AMY BAINBRIDGE:
Petrol prices are plunging but there are still huge variations in what you pay depending on where you live. But moves are afoot to make the market more transparent.
Bruce Billson is the minister responsible for competition and consumer affairs. He's given the ACCC greater powers to produce its fuel price monitoring report quarterly rather than annually and conduct four investigations a year into specific markets.
MINISTER BILLSON:
It's a closer examination of pricing and margins, of supply impacts, of even the state of competition in particular markets.
We’ve seen even within capital cities as the price of oil's come down, the price at the bowser has come down more quickly in some capital cities than others.
In other areas we've seen LPG prices, the Saudi benchmark is used to price LPG, as soon as the Saudi bench price goes up, and miraculously LPG prices go up pretty quickly. When the benchmark price comes down there's a bit of a lag.

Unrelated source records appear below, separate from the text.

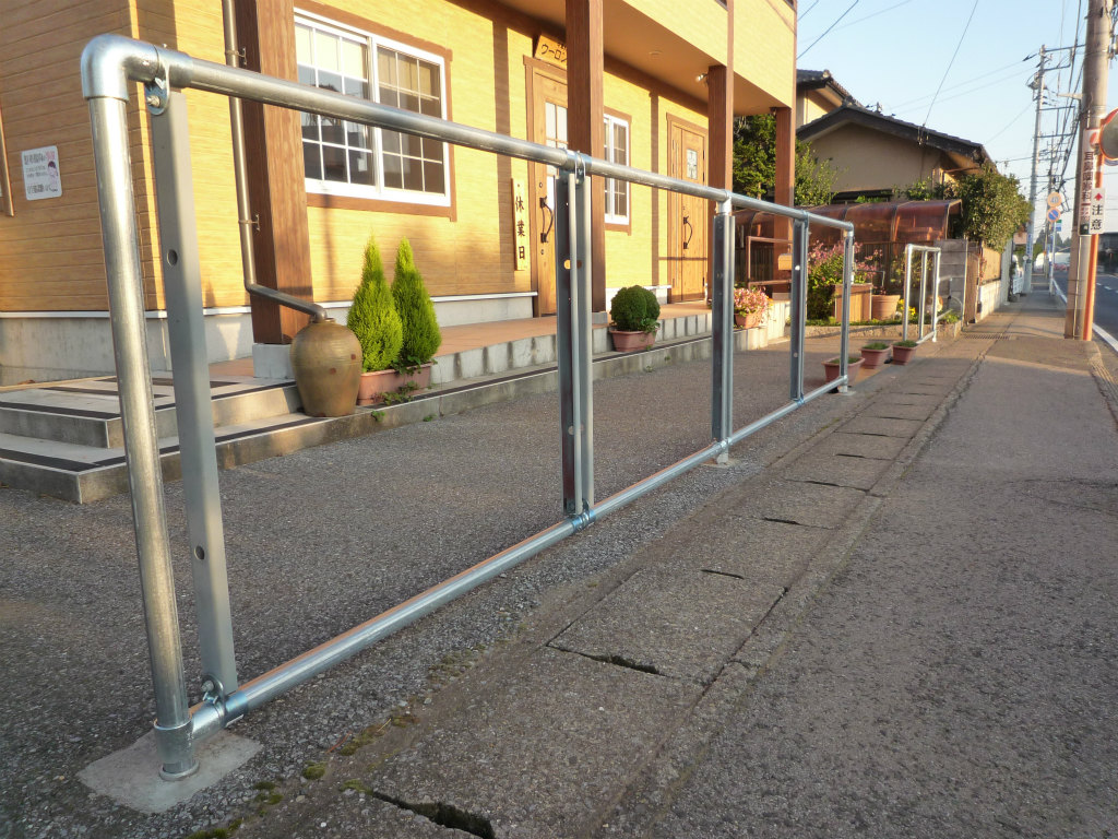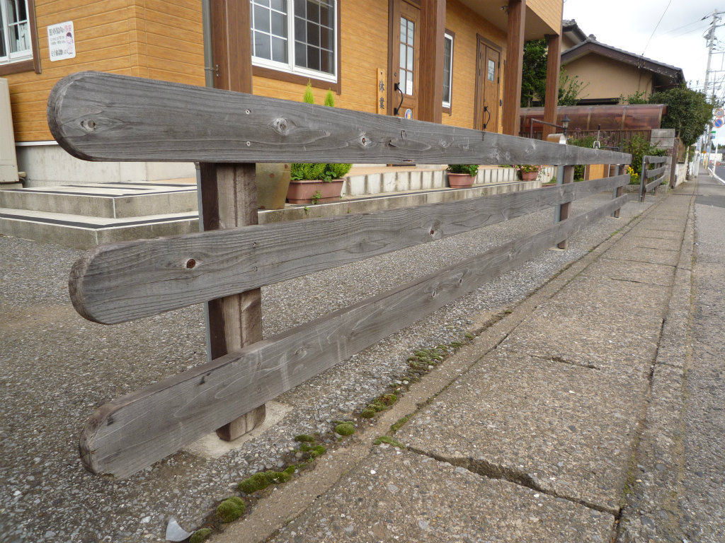 太陽光パネル設置前の写真。 足場単管パイプに自作木製柵を取り付けていた。 |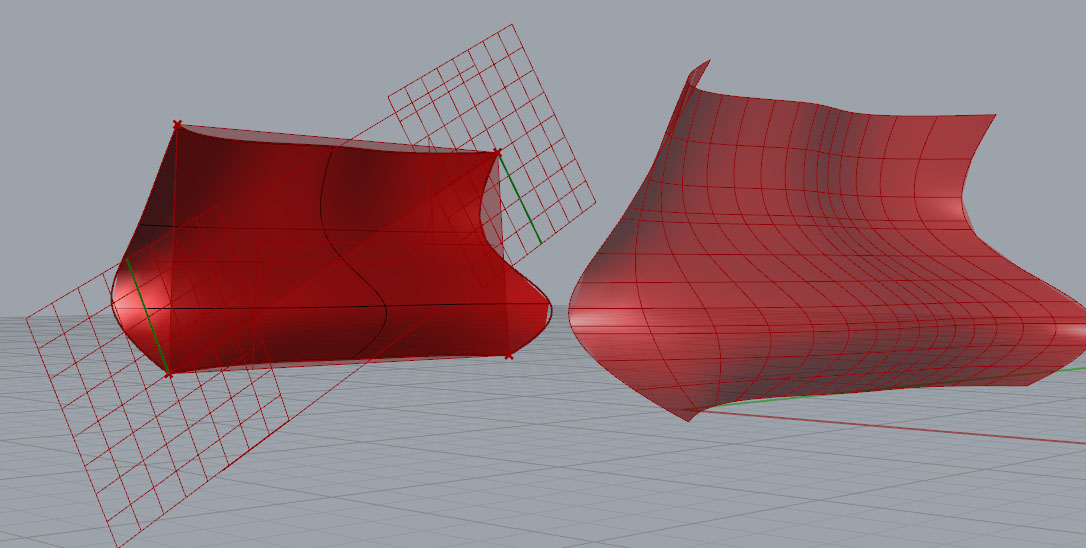 When I connect the single surface to the surface driver server I get above. When I connect the Isotrim to the single surface driver I get the below craziness. This problem only started once I started with the offset curves and fillet. Trying to figure out what went wrong…. AHH.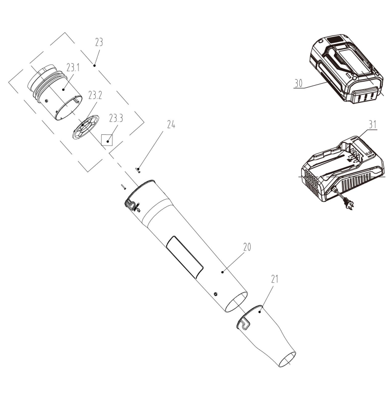 1 | Корпус | BB400 Воздуходувка аккумуляторная Чемпион | Запчасти, сервис, ремонт
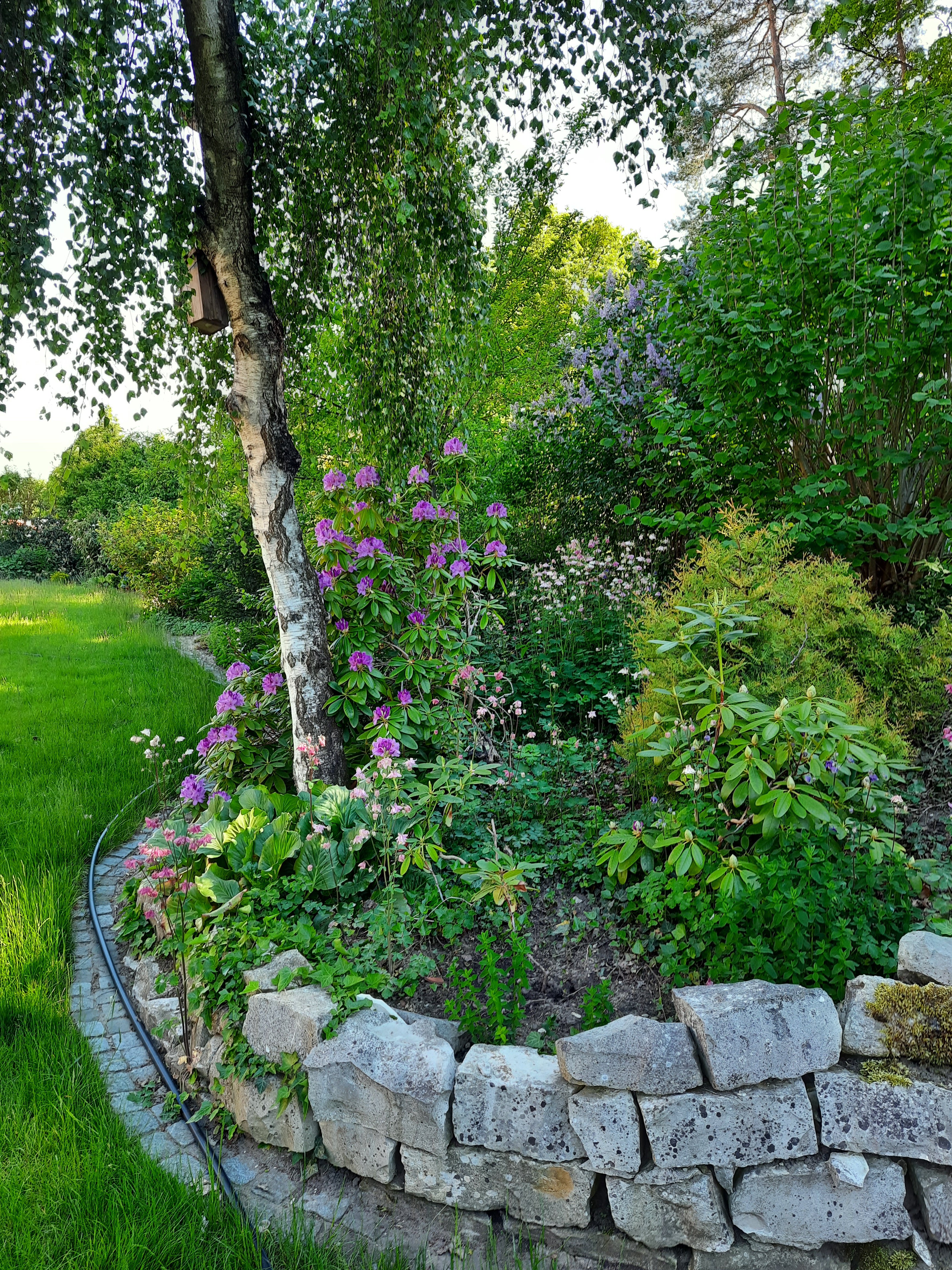 Vielleicht zum Beet hin ein bisschen höher - falls das nicht zu viele Steine verbraucht - aber halt zum Rasen hin auf jeden Fall mit Mähkante.
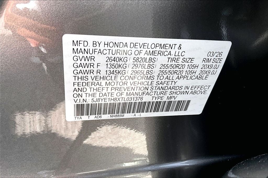 - Rear Tire Size: P255/50HR20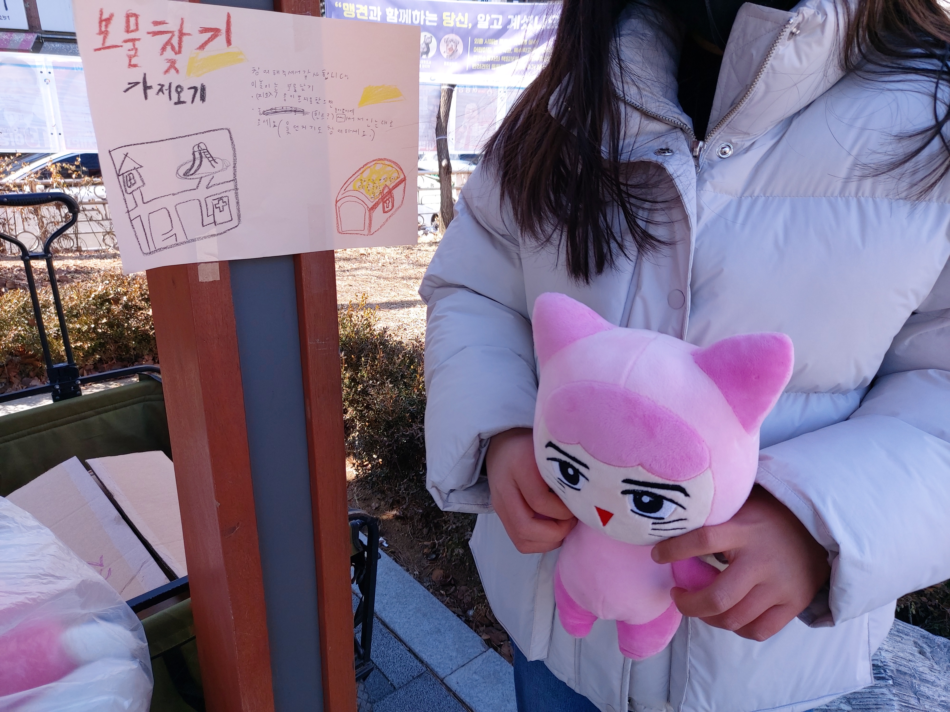 쪽지를 놀이터 곳곳에 숨겨두고 찾아오는 친구들에게 인형을 선물하고 싶다고 했습니다.

And these are things that we need to more closely examine.
AMY BAINBRIDGE:
There have been price drops because of the global oil price, yet there's still huge discrepancies say between somewhere like Darwin and Canberra compared to Melbourne and Sydney. Do we just put that down to market forces at play, or is there something more sinister at play?
MINISTER BILLSON:
In some areas we just don't know and that is why this new power has been given to the ACCC. Even in some regional centres, about the same distance out of the capital cities, same distance from terminals, no great variation in the volume sold, but quite a difference in the price that motorists are charged. Now we need to understand what's at play there.
AMY BAINBRIDGE:
Ultimately, the new investigations could lead to more enforcement action.
BRUCE BILLSON:
This direction that I've given the ACCC gives them the power to demand information, to be able to peel back the onion to find out what's really going on and whether there is a case for further intervention or use of the commission's broader enforcement powers.
AMY BAINBRIDGE:
The ACCC has a case in the Federal Court against five major fuel retailers, alleging they used a service called Informed Sources to share price information.